■ Work task ■
Go through the entries below and pick out every line with "state".

■ Records for the task ■
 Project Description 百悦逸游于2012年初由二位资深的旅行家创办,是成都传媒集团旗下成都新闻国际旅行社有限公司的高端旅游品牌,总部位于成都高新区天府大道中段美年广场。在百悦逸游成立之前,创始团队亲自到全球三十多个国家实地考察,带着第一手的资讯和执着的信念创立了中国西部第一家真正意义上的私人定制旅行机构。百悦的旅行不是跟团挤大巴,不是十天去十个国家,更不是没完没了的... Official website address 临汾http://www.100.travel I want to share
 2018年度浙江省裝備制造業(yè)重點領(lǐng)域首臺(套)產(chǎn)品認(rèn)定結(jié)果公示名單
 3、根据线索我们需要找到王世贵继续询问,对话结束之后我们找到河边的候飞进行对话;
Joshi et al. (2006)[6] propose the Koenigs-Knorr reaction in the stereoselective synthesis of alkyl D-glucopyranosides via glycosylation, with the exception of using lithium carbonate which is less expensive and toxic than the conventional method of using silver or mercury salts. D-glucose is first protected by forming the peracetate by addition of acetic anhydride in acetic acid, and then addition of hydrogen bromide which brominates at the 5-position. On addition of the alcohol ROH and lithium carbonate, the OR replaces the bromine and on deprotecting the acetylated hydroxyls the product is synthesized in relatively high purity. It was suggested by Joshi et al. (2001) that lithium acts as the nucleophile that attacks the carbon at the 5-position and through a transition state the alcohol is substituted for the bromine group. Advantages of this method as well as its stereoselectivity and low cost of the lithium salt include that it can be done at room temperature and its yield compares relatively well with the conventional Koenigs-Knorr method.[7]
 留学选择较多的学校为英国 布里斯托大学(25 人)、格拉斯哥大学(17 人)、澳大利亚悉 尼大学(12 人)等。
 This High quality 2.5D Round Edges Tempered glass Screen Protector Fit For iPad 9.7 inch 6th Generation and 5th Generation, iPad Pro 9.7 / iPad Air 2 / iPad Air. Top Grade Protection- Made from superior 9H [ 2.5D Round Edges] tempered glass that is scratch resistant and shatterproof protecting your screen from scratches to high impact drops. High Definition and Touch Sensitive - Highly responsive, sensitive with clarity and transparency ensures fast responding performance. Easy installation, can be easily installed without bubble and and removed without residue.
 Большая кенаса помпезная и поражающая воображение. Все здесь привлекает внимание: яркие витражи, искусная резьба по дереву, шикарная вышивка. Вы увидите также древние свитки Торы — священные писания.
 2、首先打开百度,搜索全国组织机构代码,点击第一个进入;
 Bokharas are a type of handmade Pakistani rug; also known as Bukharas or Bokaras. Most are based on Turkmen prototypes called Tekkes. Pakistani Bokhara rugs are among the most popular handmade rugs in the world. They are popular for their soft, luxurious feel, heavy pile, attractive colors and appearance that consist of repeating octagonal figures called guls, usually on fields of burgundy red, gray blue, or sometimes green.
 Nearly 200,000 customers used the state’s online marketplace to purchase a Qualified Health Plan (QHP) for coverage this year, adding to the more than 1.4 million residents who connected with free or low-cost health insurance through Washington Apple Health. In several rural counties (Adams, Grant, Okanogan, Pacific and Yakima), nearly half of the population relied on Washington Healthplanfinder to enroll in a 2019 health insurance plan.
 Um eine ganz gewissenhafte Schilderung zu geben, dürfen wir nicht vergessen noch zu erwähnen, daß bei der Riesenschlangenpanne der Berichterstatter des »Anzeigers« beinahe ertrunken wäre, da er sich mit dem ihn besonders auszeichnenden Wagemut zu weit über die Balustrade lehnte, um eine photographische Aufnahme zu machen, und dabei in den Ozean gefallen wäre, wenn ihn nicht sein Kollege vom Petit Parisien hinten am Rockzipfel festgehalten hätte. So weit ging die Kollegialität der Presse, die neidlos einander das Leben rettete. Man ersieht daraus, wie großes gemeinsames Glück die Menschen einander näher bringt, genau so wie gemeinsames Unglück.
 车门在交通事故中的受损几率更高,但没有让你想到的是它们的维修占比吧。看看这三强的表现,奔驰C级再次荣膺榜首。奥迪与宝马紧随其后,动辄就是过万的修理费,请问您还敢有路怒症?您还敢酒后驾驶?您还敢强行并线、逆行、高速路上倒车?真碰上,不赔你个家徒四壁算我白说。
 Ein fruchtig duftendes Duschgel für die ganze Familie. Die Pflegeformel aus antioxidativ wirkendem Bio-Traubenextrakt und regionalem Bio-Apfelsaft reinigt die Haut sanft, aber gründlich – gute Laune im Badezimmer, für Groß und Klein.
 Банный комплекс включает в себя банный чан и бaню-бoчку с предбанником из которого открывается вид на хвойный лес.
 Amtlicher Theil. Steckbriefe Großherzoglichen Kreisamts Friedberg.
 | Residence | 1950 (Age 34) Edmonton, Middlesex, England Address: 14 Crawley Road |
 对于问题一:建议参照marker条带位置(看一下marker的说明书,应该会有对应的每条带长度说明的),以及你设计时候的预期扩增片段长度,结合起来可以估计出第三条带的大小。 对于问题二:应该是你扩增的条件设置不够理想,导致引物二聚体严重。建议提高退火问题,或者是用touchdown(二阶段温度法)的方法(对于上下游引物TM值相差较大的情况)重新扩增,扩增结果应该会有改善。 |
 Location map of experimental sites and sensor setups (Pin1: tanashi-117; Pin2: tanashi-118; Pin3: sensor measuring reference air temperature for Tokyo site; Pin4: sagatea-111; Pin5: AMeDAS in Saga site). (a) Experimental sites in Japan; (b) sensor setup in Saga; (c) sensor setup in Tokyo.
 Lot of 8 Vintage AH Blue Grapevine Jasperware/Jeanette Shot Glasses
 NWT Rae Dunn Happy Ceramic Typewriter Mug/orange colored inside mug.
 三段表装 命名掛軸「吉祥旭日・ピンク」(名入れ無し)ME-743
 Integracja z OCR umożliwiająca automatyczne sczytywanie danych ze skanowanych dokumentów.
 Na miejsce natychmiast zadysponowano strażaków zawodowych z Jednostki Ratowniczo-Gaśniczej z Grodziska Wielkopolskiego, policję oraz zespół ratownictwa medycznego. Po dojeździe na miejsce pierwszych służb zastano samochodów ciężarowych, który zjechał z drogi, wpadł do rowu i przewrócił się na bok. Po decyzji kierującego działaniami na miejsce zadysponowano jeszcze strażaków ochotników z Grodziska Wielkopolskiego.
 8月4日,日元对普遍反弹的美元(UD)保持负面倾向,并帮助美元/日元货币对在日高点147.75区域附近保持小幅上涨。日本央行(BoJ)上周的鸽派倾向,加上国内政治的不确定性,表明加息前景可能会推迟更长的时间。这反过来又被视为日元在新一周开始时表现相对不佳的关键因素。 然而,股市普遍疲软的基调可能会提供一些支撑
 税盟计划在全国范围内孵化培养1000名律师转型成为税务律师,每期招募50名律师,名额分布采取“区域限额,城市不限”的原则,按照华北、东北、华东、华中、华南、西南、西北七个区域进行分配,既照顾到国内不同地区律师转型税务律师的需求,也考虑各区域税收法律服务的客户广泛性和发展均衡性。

■ Exercise response ■
Joshi et al. (2006)[6] propose the Koenigs-Knorr reaction in the stereoselective synthesis of alkyl D-glucopyranosides via glycosylation, with the exception of using lithium carbonate which is less expensive and toxic than the conventional method of using silver or mercury salts. D-glucose is first protected by forming the peracetate by addition of acetic anhydride in acetic acid, and then addition of hydrogen bromide which brominates at the 5-position. On addition of the alcohol ROH and lithium carbonate, the OR replaces the bromine and on deprotecting the acetylated hydroxyls the product is synthesized in relatively high purity. It was suggested by Joshi et al. (2001) that lithium acts as the nucleophile that attacks the carbon at the 5-position and through a transition state the alcohol is substituted for the bromine group. Advantages of this method as well as its stereoselectivity and low cost of the lithium salt include that it can be done at room temperature and its yield compares relatively well with the conventional Koenigs-Knorr method.[7]
 Nearly 200,000 customers used the state’s online marketplace to purchase a Qualified Health Plan (QHP) for coverage this year, adding to the more than 1.4 million residents who connected with free or low-cost health insurance through Washington Apple Health. In several rural counties (Adams, Grant, Okanogan, Pacific and Yakima), nearly half of the population relied on Washington Healthplanfinder to enroll in a 2019 health insurance plan.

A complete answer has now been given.